Seven African nations addressed the GA, all calling for an end to the embargo.
“Embargoes and blockades were an antiquated means of warfare and there was currently a multitude of options for peacefully resolving differences in the international community in a humane way,” stated Tanzania’s Ambassador Augustine P. Mahiga.
Ambassador Boniface G. Chidyauskiu of Zimbabwe, said Cubans like their Zimbawean counterparts, had been “bombarded by propaganda broadcasts by radio, the aim of which had been to incite the population to effect regime change.”
Cuba offered assistance to many developing nations in the areas of health, education and biotechnology, South Africa’s Ambassador Dumisani S. Kumalo said. “The embargo that was designed to stifle the everyday lives of the Cuban people has instead produced a contribution by Cuba to the betterment of the lives of other people around the world,” he stressed. Amb. Kumalo also noted Cuba’s contributions to his own nation’s freedom and democracy in the fight against apartheid.
“As we speak, back in Cuba our people are following with both intent and hope the decision that you make. They do so recalling Fidel’s [Pres.
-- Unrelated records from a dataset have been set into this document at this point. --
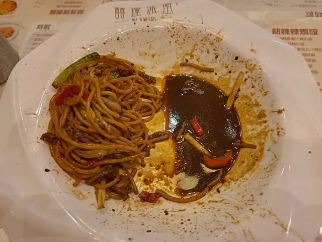 ,以為炒得唔均勻,嘗試撈勻睇下會唔會好啲,因為本人都珍惜食物,唔會隨便就退回,但係都係救唔到,唯有叫店員換,店員建議叫另外一樣。我就選擇咗黑椒牛柳絲炒意粉,黑椒牛柳絲炒意粉都唔係第一次食,都冇乜問題,但今次明顯深色好多,食落黑椒量都比平時多,不過我食得辣,對我嚟講都冇乜問題,但食到一半法發覺呢碟唔係炒意粉,係湯意粉,係豉油湯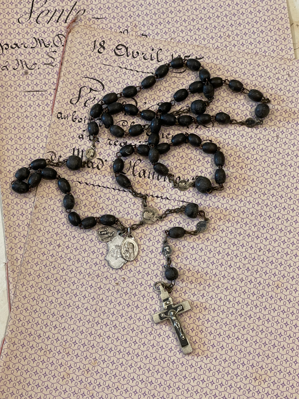 Antique French Sacred Heart rosary and Small Medals - ROS5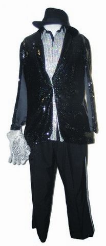 From New York costume designer Frankie Stein comes a custom made Michael Jackson Billy Jean costume. Includes a shining black vest, black pants, eye-catching shirt, a black hat and gloves. Ms. Stein's work has been featured on stage, television, film & print, and she successfully owns and operates "Frankie Steinz" costume shop in New York. As a freelance costume designer, she later moved her business to New York City where her many clients include ABC, Sony, Disney and HBO, and celebrities Robert De Niro, Billy Joel and Dolly Parton, to name a few. Her work has been featured in The New York Times, Time Out magazine and People Online, and has been seen on The David Letterman Show, The View, Saturday Night Live, The Rosie O'Donnell Show, and Everybody Loves Raymond, and she is credited on the major Academy Award winning film 'Eternal Sunshine of the Spotless Mind.'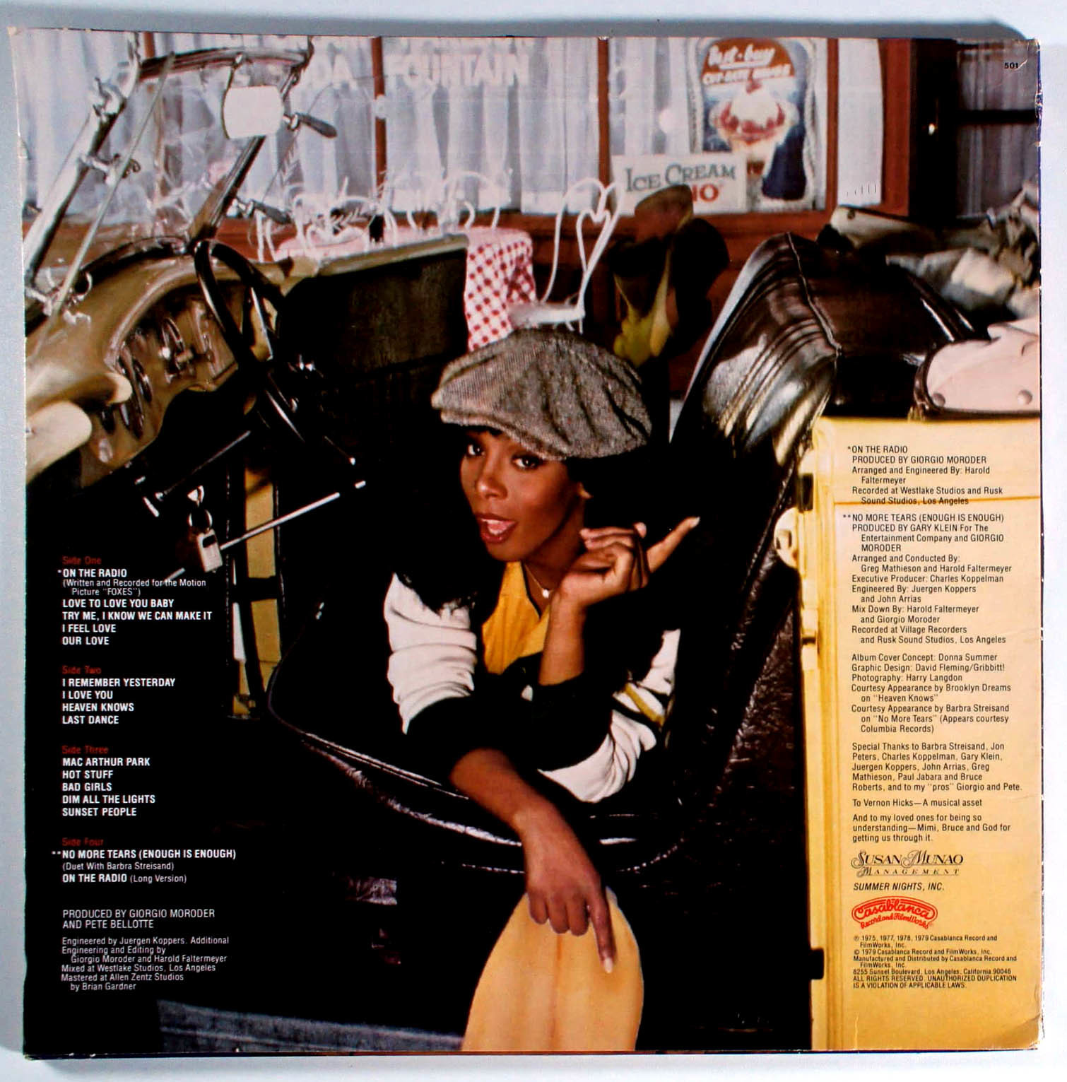 On the Radio: Greatest Hits Volumes I II , by Donna Summer made her the first person ever to take three consecutive double albums to No. 1. This would become Summer's third multi-platinum album and spanned Summer's career from her breakthrough, Love to Love You Baby right through to the more rock-influenced tracks of her Bad Girls album. The majority of the tracks were either remixed or edited, largely to fit such a large number of tracks onto two records. Each side, barring side D, runs as a continuous mix. The compilation also contained two brand-new tracks. The first of these was the pop-disco flavored On the Radio (which opened the album, and closed it in a longer version). Written for the film Foxes, this song was reminiscent of some of her other hits in that it started off with a slow beat. The song was nominated for a Grammy in the Best Female Pop Vocal Performance category. The second new track was a duet with Barbra Streisand entitled No More Tears (Enough Is Enough). It also had a slow beginning but evolved into a disco number. An early example of girl power, the song was released as a 12" Disco single and hit No. 1 spot on the Billboard Hot 100 (making it Summer's fourth chart-topper). It was also a big international hit, the shorter version of On the Radio was also released as a single, and became Summer's ninth Top 5 on the Hot 100. On the Radio was Summer's final release with Casablanca Records. She had not been happy for some time with the label's treatment of her - she felt exploited and that she was being made to portray a sexual image with which she was not comfortable. At one point this had driven her to depression and suicide attempts. However by 1979 she had become a born-again Christian and rediscovered herself. She signed a deal with Geffen Records in 1980. The album came with a 24x32 full color poster.

Castro] remarks: “Never had a nation such sacred things to defend or such profound convictions for which to fight,” stated Mr. Roque as he brought his speech to a close.
“I will now conclude recalling the words by Jose Marti, Apostle of Cuba’s independence,” stated Mr. Roque. “He who rises with Cuba today will be rising for all time to come.”
“Freedom to the five Cuban heroes, fighters against terrorism and political prisoners in U.S. jails!” he exclaimed.
Then pumping his fist in the air, he said, “I do have the legitimate right to say: “Viva Cuba Libre!” (Long Live Free Cuba!).